Figure 3Monthly average values of the ET-WB and multiple auxiliary ET products as well as other water components over global land during the period 2002–2021. The shading shows the spread range among different datasets, with the central solid line indicating the ensemble median value.


Figure 4Comparisons between the ET-WB and multiple auxiliary ET products (a, b: GLEAM; c, d: FLUXCOM; e, f: MODIS; g, h: WGHM) on a monthly scale during the period 2002–2021. The left column represents the global distribution of RB and the right column represents the corresponding scatter plots. The color of the scatter points indicates the kernel density.

4.1.2 Annual assessment

Inter-annual variability of ET and related water balance components are also examined over global land (Fig. 5). There are generally three episodes shown in the ET-WB dataset. These episodes include a gradual increase from 2003 to 2010 and a subsequent decrease during 2010–2015, followed by a sharper reduction in the remaining years (Fig. 5a).
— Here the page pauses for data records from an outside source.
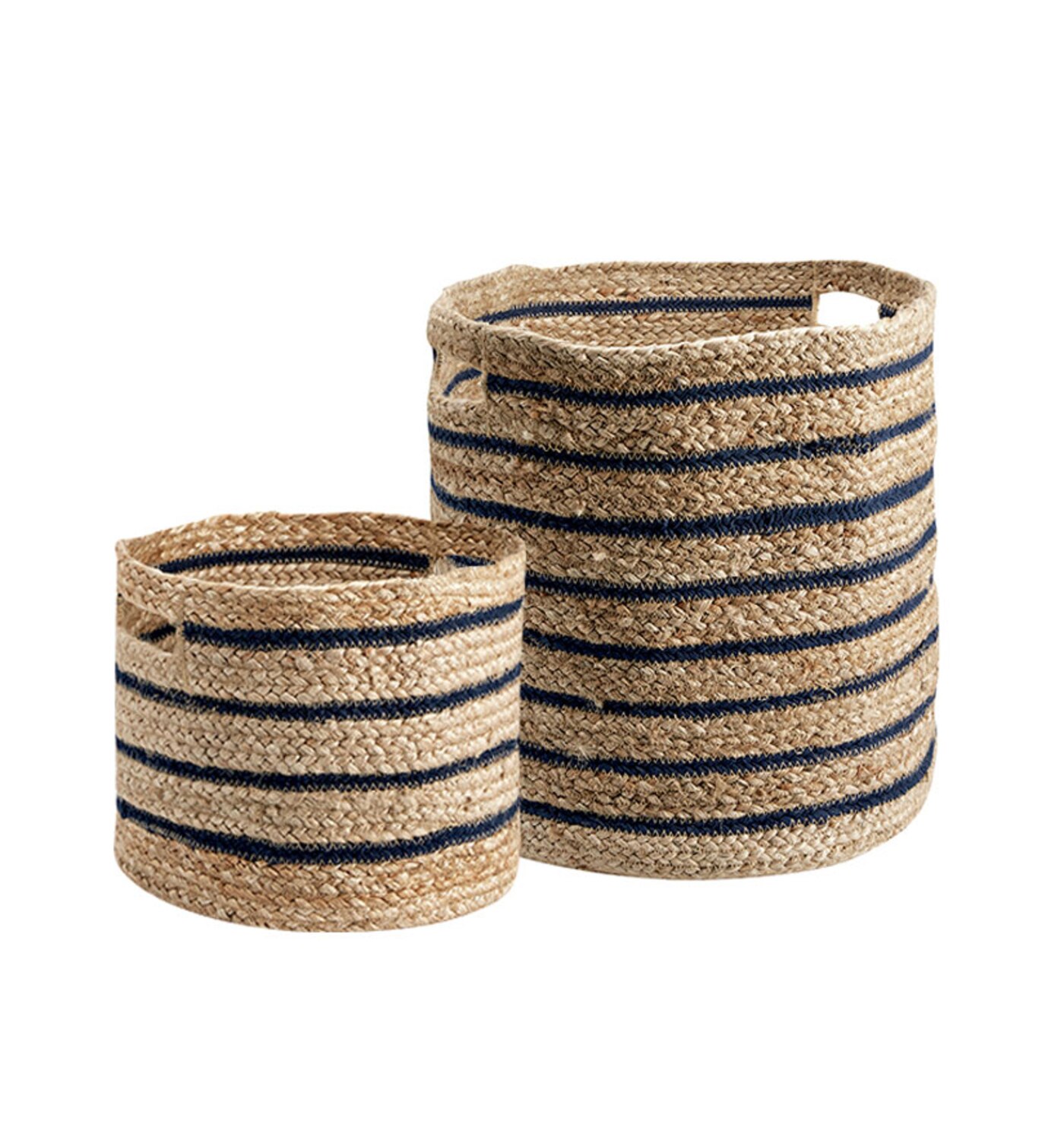 Jute Raffia baskets in navy stripe, Pottery Barn Kids, from $49 US each.
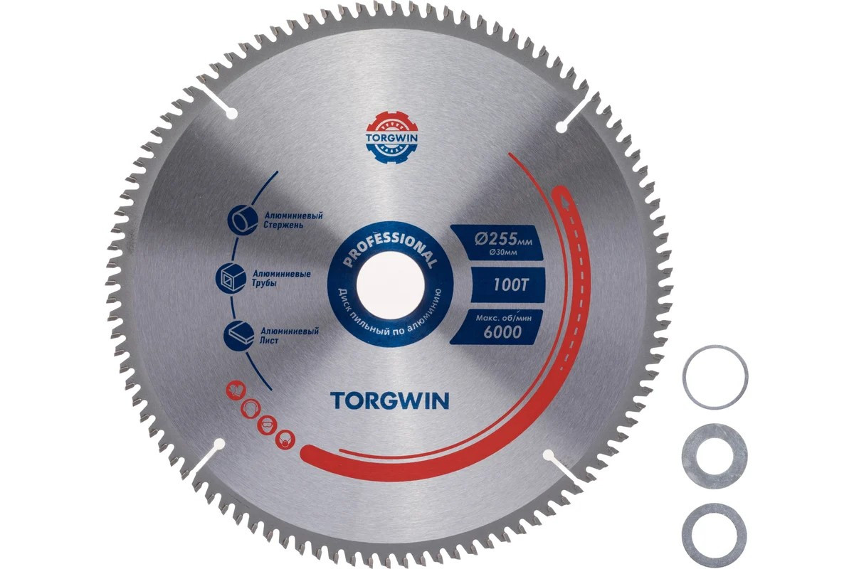 Диск пильный по алюминию 255*30 мм T100 переходное кольцо 25,4 TORGWIN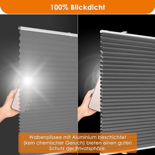 Genießen Sie eine perfekte Abdunklung und optimalen Blendschutz mit unserem hochwertigen Wabenplissee. Dank der eingebauten Aluminiumbeschichtung wird Ihr Raum vor direkter Sonneneinstrahlung geschützt, während gleichzeitig ein behagliches und gemütliches Ambiente geschaffen wird. Ideal für Heimkinos, Bäder, Schlafräume und Kinderzimmer – unser Plissee sorgt nicht nur für die gewünschte Dunkelheit, sondern fördert auch einen erholsamen Schlaf.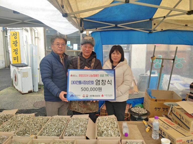 대야전통시장 5일장에서 건어물 노점상을 하는 염창식 씨가 추운 겨울 어려운 이웃을 위해 써달라며 성금 50만원을 군산시에 전해 지역사회를 훈훈하게 만들었다.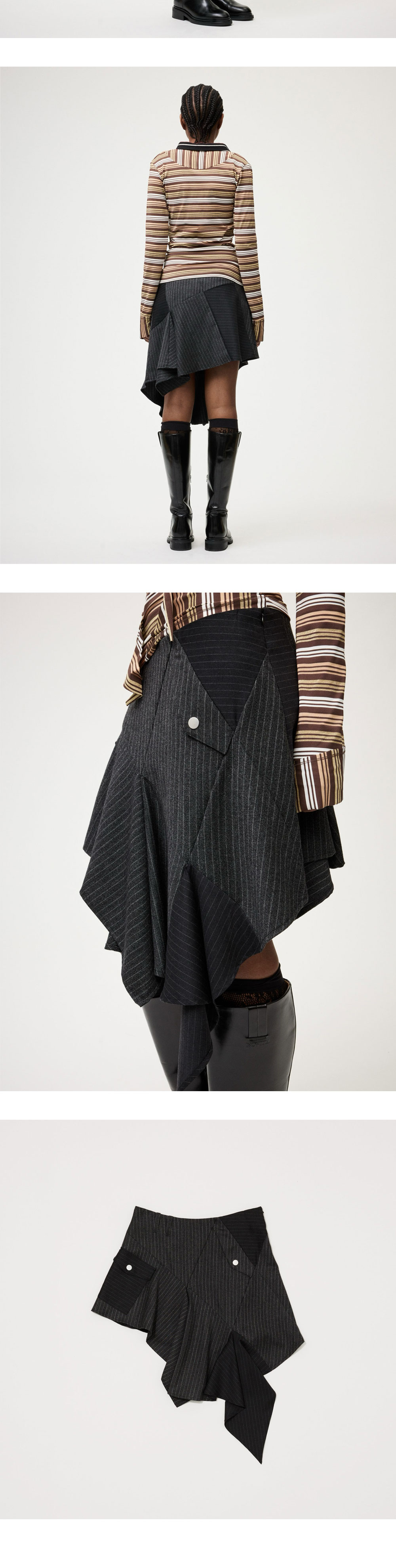 레이브 리뷰 우먼 노아 어시메트릭 스커트 위드 포켓 디테일 멀티 핀 스트라이프 - 25FW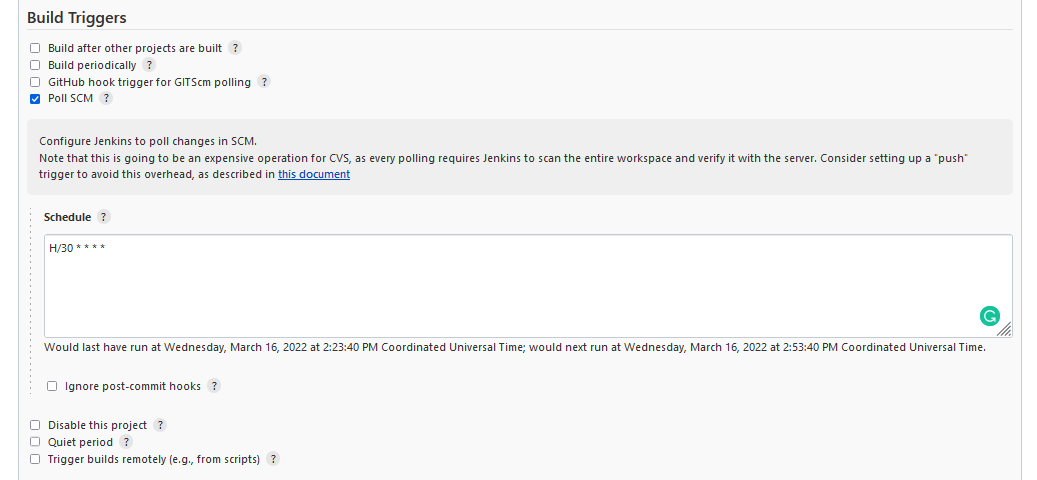 Điều này đáng để quan tâm vì nếu bạn đang sử dụng các tài nguyên đám mây mất phí để duy trì pipeline và bạn có nhiều thay đổi tới kho lưu trữ mã nguồn bạn sẽ chịu phát sinh nhiều chi phí. Chúng ta biết rằng đây chỉ là một môi trường chạy thử đó là lí do tôi đang sử dụng lựa chọn "poll scm". (Ngoài ra, tôi tin rằng khi sử dụng minikube tôi sẽ thiếu đi chức năng webhook)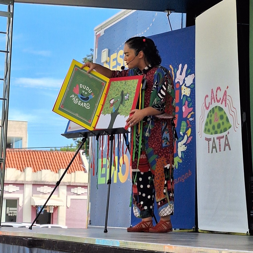 Já no dia 6, foi a vez de Bibi Cricri, da ViraVolta Cultural, encantar os presentes com o espetáculo "Bichos e Crianças", uma divertida sessão de contação de histórias que estimulou a imaginação e a criatividade dos pequenos.
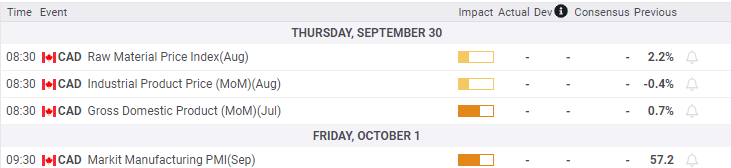 Canada statistics September 27–October 1

A large inter-ensemble range, which is aggravated during the recent time periods, due to the propagation of errors in monthly estimations of water balance ET, is found. Other ET datasets, despite the different time spans, still present a similar variability to ET-WB with the overestimations in MODIS and FLUXCOM. As discussed above, the significant differences from FLUXCOM can be attributed to the specific data generation method. Furthermore, the annual variations in ET are typically explained by the changes in P, which experienced an increasing trend during 2003–2010 followed by an abrupt decrease between 2010 and 2015 (Fig. 5b). However, the increase in P during 2015–2021 does not directly translate to the enhancement of ET based on ET-WB results, though the GLEAM shows a more “reasonable” increase under the assumption of the limited influence of the human interventions on the global ET on an annual scale. This inconsistent phenomenon is because of the significant increase in R values since 2015 (particularly in 2020 and 2021), which are mainly driven by GloFAS reanalysis data as the 23 G-RUN ENSEMBLE subsets are not available from 2020 (Fig. 5d). Therefore, the overestimation of R in GloFAS data can explain the abrupt change in ET-WB over recent years, implying that caution should be taken when interpolating the ET-WB results after 2019 due to the availability of the limited dataset. This is not only because of the controlling role of specific water components in ET-WB (e.g., a wide range of P similar to ET) but also the limited data availability due to delayed updates (e.g., G-RUN ENSEMBLE). Moreover, ΔS does not play a crucial role on an annual scale because of the relatively small amplitude and the confident estimations of GRACE signals in such a large area (Fig. 5c).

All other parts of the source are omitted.